At the very top of Antique Street, and with the sun once more making an appearance, I find a passionate proponent for this hub, Joe Strydom-Oosthuizen. Joe and his husband Shaun own and run Trouvé Vintage Merchants and Interiors, an eclectic assortment of vintage items and chalk-paint adorned pieces. Be sure to ask about their coffee and a selection of light meals while you peruse the merchandise on offer – just what the discerning antiquer requires following a morning of bargain hunting along Antique Street. For the budding enthusiast, Trouvé offers workshops in chalk-paint application, hosted at the shop.
Leaving Joe and Shaun, and once again walking the length of Antique Street in search of my car, I feel more intimately connected with this special place. Tanya Geyer’s words echo in my head as I continue: ‘Antique Street is a place of hope’.

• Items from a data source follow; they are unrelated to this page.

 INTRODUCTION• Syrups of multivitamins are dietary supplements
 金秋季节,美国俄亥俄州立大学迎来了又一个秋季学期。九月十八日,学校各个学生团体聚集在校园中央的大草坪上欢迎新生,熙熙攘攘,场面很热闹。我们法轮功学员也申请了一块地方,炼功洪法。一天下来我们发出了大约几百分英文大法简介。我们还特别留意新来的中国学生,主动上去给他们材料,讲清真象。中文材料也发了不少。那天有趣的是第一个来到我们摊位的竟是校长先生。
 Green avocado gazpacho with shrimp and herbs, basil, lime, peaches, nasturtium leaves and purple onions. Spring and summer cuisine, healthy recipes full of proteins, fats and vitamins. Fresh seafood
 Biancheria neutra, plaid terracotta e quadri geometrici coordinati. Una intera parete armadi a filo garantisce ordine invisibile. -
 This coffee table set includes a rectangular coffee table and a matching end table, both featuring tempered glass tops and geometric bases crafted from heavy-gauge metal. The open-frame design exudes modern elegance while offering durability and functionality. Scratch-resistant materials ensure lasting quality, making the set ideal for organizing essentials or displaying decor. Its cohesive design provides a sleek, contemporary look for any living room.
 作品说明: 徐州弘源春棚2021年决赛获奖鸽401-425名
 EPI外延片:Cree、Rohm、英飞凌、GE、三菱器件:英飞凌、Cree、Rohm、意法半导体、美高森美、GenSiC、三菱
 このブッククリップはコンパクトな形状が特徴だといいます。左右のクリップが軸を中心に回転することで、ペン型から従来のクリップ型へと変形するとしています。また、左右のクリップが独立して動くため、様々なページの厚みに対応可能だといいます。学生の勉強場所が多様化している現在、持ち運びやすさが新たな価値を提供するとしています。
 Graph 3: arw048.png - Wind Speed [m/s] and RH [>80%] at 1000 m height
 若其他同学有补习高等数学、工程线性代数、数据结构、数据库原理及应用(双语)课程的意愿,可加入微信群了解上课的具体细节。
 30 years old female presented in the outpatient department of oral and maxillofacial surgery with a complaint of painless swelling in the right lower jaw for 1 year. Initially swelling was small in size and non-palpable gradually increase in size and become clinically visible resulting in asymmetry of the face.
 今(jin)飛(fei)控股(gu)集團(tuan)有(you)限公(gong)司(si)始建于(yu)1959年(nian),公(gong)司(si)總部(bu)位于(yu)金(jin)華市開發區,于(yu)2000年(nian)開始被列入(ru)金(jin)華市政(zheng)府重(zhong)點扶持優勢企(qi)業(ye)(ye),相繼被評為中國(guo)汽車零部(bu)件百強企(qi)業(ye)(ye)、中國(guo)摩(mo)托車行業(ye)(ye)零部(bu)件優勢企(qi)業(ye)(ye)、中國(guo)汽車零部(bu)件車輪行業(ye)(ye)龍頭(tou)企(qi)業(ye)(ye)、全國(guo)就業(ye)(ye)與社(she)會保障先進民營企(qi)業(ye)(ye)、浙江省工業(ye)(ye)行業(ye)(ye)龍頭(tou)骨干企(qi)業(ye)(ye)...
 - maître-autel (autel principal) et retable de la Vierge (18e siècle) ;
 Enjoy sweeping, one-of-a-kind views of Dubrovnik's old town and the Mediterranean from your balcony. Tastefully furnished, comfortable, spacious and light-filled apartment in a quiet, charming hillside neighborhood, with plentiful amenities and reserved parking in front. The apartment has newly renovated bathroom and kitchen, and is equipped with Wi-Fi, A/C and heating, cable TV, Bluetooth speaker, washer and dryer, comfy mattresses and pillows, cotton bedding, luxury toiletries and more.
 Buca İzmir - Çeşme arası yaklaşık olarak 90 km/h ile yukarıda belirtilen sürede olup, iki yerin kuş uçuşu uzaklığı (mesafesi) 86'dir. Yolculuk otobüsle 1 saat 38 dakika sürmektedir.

Hope for the future of this little corner of Joburg, where three neighbourhoods meet. Hope for the future of our country, based on a renewed sense of community like I had experienced along Antique Street. And hope for you, that you too may go forth and explore your neighbourhood, and uncover the many gems that hide in plain sight.
Did you know?
Alberts Farm Park, running alongside Greymont and flanked by the Northcliff Ridge, is the second-largest green lung in Joburg (after Delta Park). Within Alberts Farm Park, rock formations have been found which are believed to relate to the Vredefort Dome at Parys, 100km south of the city. The Vredefort Dome is a vast basin formed when a meteorite hit the earth approximately two million years ago. It was declared a Unesco World Heritage Site in 2005.
Street smart Joburg
Vilakazi Street, Soweto
This thriving heart of Soweto is where Nelson Mandela spent his first few nights, following his release from prison. His old home is now the Mandela House Museum, and across the road is The Arch’s residence, where retired archbishop and social rights activist, Desmond Tutu, lives. So Vilakazi Street has the honour of two Nobel Laureates as residents. Authentic kasi flavours flow from nearby Sakhumzi Restaurant, offering its popular Soweto-style buffet.
Queen Street, Kensington
Where a sense of community flows through the streets and everyone has a story to tell. Kensington, established in 1897 by Max Langermann, once lay on one of the original farms which today constitutes Joburg – Doornfontein. Queen Street is the main thoroughfare through Kensington, offering an eclectic assortment of antique shops, a florist, restaurants and various other interesting finds.
Kramer Road, Kramerville
What was once an industrial area on the outskirts of Sandton has been transformed into a retail, corporate, light industrial and entertainment destination, coined as South Africa’s leading design district. Everything from homeware, lighting, appliances, fabrics and custom-made furniture, plus a delectable assortment of spots to eat and drink, is on offer in this success story of a space repurposed.